What the task asks:
Would you print out all of the data exactly and keep the pictures out of it?

Recorded information:
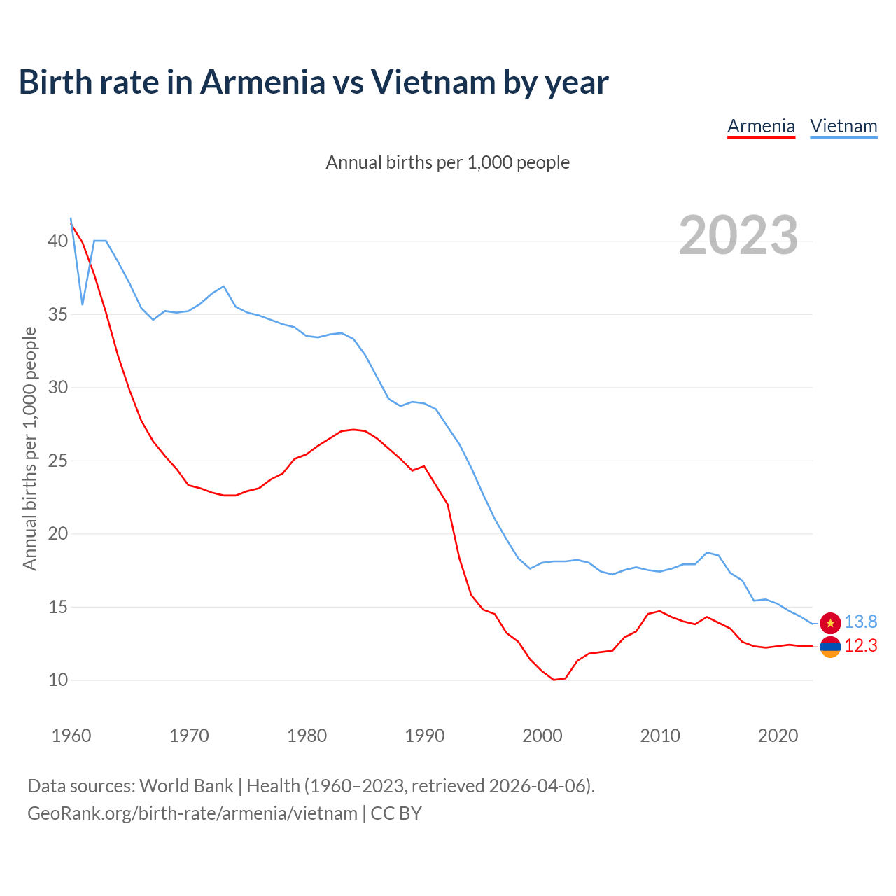 According to the latest available data on birth rates, the fertility rate in Armenia was 1.9 children per woman in 2023, compared to 1.91 in Vietnam in 2023. The replacement level is considered to be 2.1 children per woman.
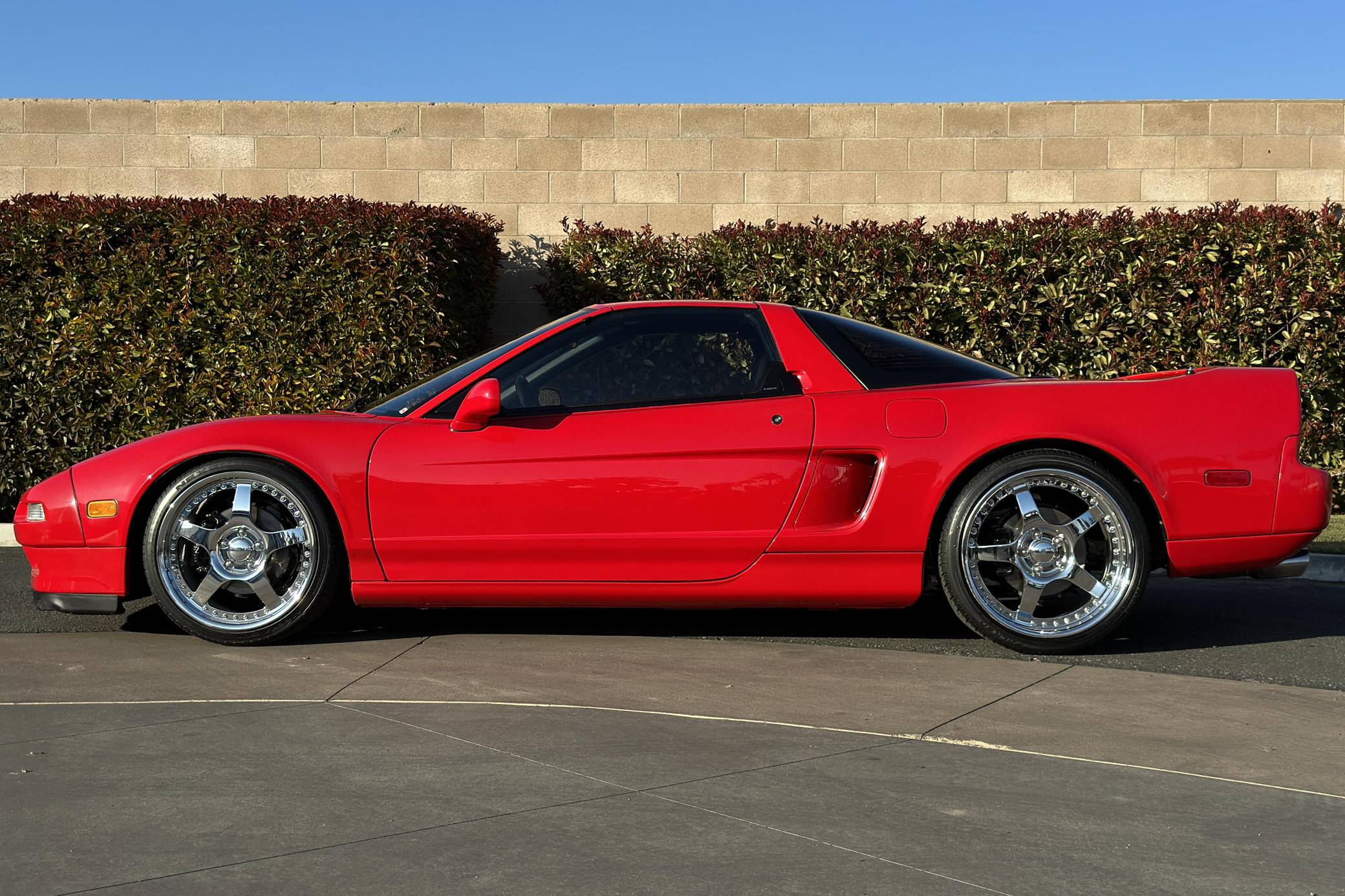 THIS. . . is a 1996 Acura NSX-T, finished in Formula Red with a black interior. This NSX-T features the desirable 5-speed manual transmission. Factory equipment includes pop-up headlights, a removeable roof panel, leather upholstery, power-adjustable sport seats, automatic climate control, a Bose sound system, and cruise control. Modifications reported by the seller are limited to aftermarket 18-inch front and 19-inch rear wheels, tinted windows, and an aftermarket axle-back exhaust system. Sold as a Honda in global markets, the first-generation Acura NSX made its debut for 1991 as a user-friendly supercar with Ferrari-like performance and Japanese reliability. Aluminum construction kept weight in check, and the NSX stood out as the first production car equipped with titanium connecting rods. Production of the original NSX ended in 2005. Power comes from a 3. 0-liter V6, rated at 270 horsepower and 210 lb-ft of torque. Mid-mounted, it spins the rear wheels via a 5-speed manual transmission.
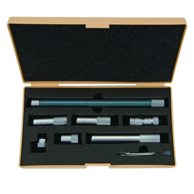 FEATURES:● Range: 2" - 20"● Travel of micrometer head: .5" ● Accuracy: +/-{.00015+.00005n+.00005R/2}* R=Maximum measuring length (inch) n=Number of rods Fraction rounded up ● Extension rods: .5", 1", 2" (2 pcs.), 4", 8" |
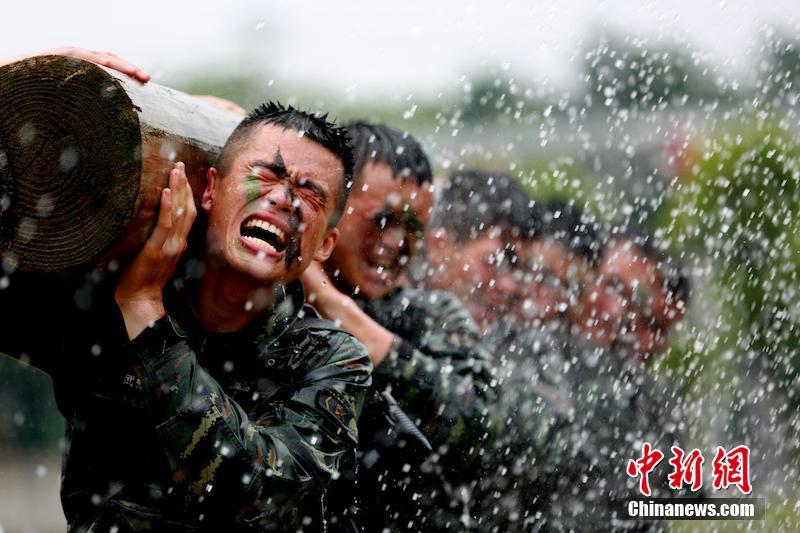武装泅渡,跨跃火障,扛圆木……,多个课目转换快、时间紧、难度高,融体能、技能、战术、心理、意志于一体,特战队员一路披荆斩棘、连续作战。在苦与累、血与火的考验面前,特战队员们始终用坚强的意志和顽强的拼搏要求自己,用澎湃不止的热血点亮绚丽青春,拿挥洒如雨的汗水彰显军人本色。图为扛圆木。 余宁磊 摄

Task solution:
 According to the latest available data on birth rates, the fertility rate in Armenia was 1.9 children per woman in 2023, compared to 1.91 in Vietnam in 2023. The replacement level is considered to be 2.1 children per woman.
 THIS. . . is a 1996 Acura NSX-T, finished in Formula Red with a black interior. This NSX-T features the desirable 5-speed manual transmission. Factory equipment includes pop-up headlights, a removeable roof panel, leather upholstery, power-adjustable sport seats, automatic climate control, a Bose sound system, and cruise control. Modifications reported by the seller are limited to aftermarket 18-inch front and 19-inch rear wheels, tinted windows, and an aftermarket axle-back exhaust system. Sold as a Honda in global markets, the first-generation Acura NSX made its debut for 1991 as a user-friendly supercar with Ferrari-like performance and Japanese reliability. Aluminum construction kept weight in check, and the NSX stood out as the first production car equipped with titanium connecting rods. Production of the original NSX ended in 2005. Power comes from a 3. 0-liter V6, rated at 270 horsepower and 210 lb-ft of torque. Mid-mounted, it spins the rear wheels via a 5-speed manual transmission.
 FEATURES:● Range: 2" - 20"● Travel of micrometer head: .5" ● Accuracy: +/-{.00015+.00005n+.00005R/2}* R=Maximum measuring length (inch) n=Number of rods Fraction rounded up ● Extension rods: .5", 1", 2" (2 pcs.), 4", 8" |
武装泅渡,跨跃火障,扛圆木……,多个课目转换快、时间紧、难度高,融体能、技能、战术、心理、意志于一体,特战队员一路披荆斩棘、连续作战。在苦与累、血与火的考验面前,特战队员们始终用坚强的意志和顽强的拼搏要求自己,用澎湃不止的热血点亮绚丽青春,拿挥洒如雨的汗水彰显军人本色。图为扛圆木。 余宁磊 摄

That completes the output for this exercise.